High Tension (2003)
Monday, March 13th, 2006


Directed by: Alexandre Aja
Screenplay by: Alexandre Aja, Gregory Levasseur
Cast: Cecile De France, Maiwenn Le Besco, Philippe Nahon, Franck Khalfoun, Andrei Finti, Oana Pellea
Runtime: 91 min
Rating: NC-17 (uncut version)
Trailer
The setup is tried and true; two friends drive into the French countryside to spend the weekend at a family home to study for their university exams in peace and quiet. There’s Marie (Cecile De France) and Alex (Maiwenn Le Besco), both good looking and fairly intelligent. They talk about boys, sex and their problems at school - all conventional horror movie devices. They arrive at Alex’s family farmhouse where her younger brother, a cute boy in a cowboy hat, greets them. The family dog wags his tail as the mother and father open their arms and welcome them into their home. At night, the home is visited by a foul and unnamed trucker (Philippe Nahon) in grubby overalls who storms into the house to begin butchering the family. And butcher he does. First, the dog is killed (always a truly reprehensible crime in film), then the dad is decapitated, the mother is stabbed and then gets her throat cut, and finally, Alex gets chained and gagged in her room to await her demise. Marie meanwhile, after hearing all the commotion in the house, hides under the bed and evades the killer, who doesn’t know that she’s in the house to begin with. He’s going by a family picture in the living room that, obviously, doesn’t show Marie. Wait, I forgot one more killing; remember that cute kid with the cowboy hat? Yeah, well he gets it to. He’s chased outside by the killer and is shot down in a field a couple of yards away from the house. This is supposed to be a horror movie?
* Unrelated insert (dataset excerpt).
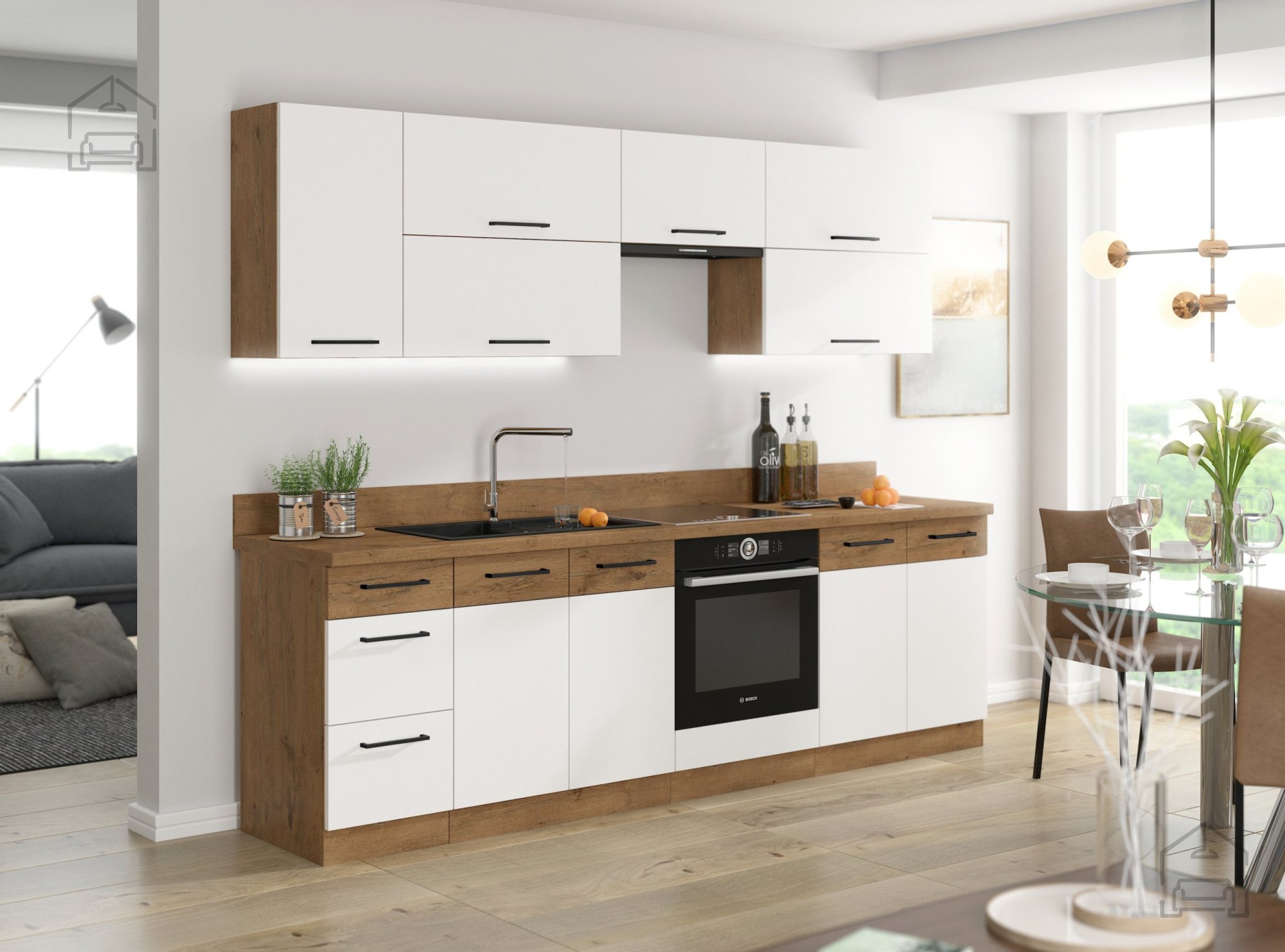 Die Küche Vigo HG ist eine Kombination aus modernem Design und Funktionalität. In dieser Serie bieten wir Ihnen 45 Arten von Elementen an, mit denen Sie die Küche Ihrer Träume gestalten können. Die weiße Küchenmöblierung Vigo HG ist ein universeller Vorschlag für geschlossene und offene Küchen. Der Korpus besteht aus laminiertem Plattenmaterial in der Farbe Eiche Lancelot, und die Fronten aus hochglänzendem weißem MDF sind zusätzlich mit einer Folie geschützt, die hitzebeständig ist (ABS). Elemente und Schubladen sind mit dem Indamatic-System für sanftes Schließen ausgestattet. Die Kollektion für Küchen Vigo ist die perfekte Lösung für alle, die Komfort und individuellen Stil schätzen.

High Tension is nothing more than a sadistic and gruesome excuse to fulfill director Aja’s morbid fascination with forcing an audience to watch characters horribly killed on-screen. I highly doubt that he’s making a statement on the horror genre and the fascination we have as a society with the macabre. That would be implying there was some reason behind this exercise when it obviously doesn’t exist. After unsuccessfully trying to free Alex from her room, Marie ends up hitching a ride in the killer’s truck, unbeknownst to the killer himself. That’s about it for the plot. The rest of the film is basically a rehash of the beginning except it takes place in different locations: a gas station, the woods, a car, and finally a horribly miscalculated twist ending that completely derails any chance of credibility the film might have had.
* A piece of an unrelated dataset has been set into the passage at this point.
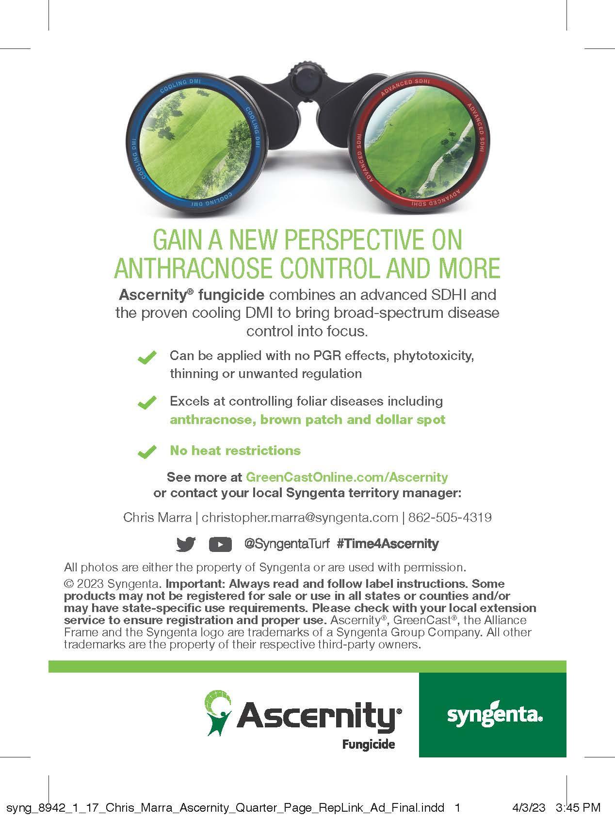 With the last weeks of Spring upon us, the days getting longer, Summer arriving, and course activity kicking into high gear, I would like to open this issue of The Greenerside wishing the best to our members for the Summer of 2023. I would especially like to commend the efforts of four superintendents who are hosting LPGA events this year in New Jersey; Mike Brunelle at Upper Montclair Country Club hosted the LPGA Founders Cup, Greg James hosted the Mizuho Americas Open at Liberty National, Mike Bair hosting the Shoprite LPGA Classic at Seaview Golf Club, and Greg Boring at Baltusrol Golf Club hosting the KPMG Women's PGA Championship The association is proud of the hard work of these clubs and their staff to showcase New Jersey golf at the highest professional level

I’m not one to shy away from a good horror movie, even if it’s not necessarily an intelligent horror movie; it just has to deliver scares. And for sometime during the beginning, before the slaughter starts, the film completely works as it builds the mood and setting of the story. Aja’s direction is slick to be sure but it does suck you into the film quickly and forces you to look at the images, which are beautifully photographed by cinematographer Maxime Alexandre. Even during the killing, when Marie realizes what’s happening, she begins to quietly get her room organized so as not to give the appearance that she’s in the house. That’s pretty smart and rarely done in horror movies, especially when the character is a woman. She packs her bags, makes the bed, cleans the sink (even making sure there’s no trace of water on edge of the faucet), and hides under the bed. A scene like that speaks well of the film and its attempt at bringing a heightened sense of realism, and appropriately enough fits a film named High Tension. Aja’s camera loves to stay close on Marie’s face, easily creating a claustrophobic sense of doom as it captures all of Marie’s silent screams, and places the audience right along side her, implicating us in the horrors that may be around the corner or just on the other side of the closet door. You can’t help but be on the edge of your seat, which is why when the carnage starts, and doesn’t let up, you begin to feel offended with the complete lack of subtlety used in filming the killings.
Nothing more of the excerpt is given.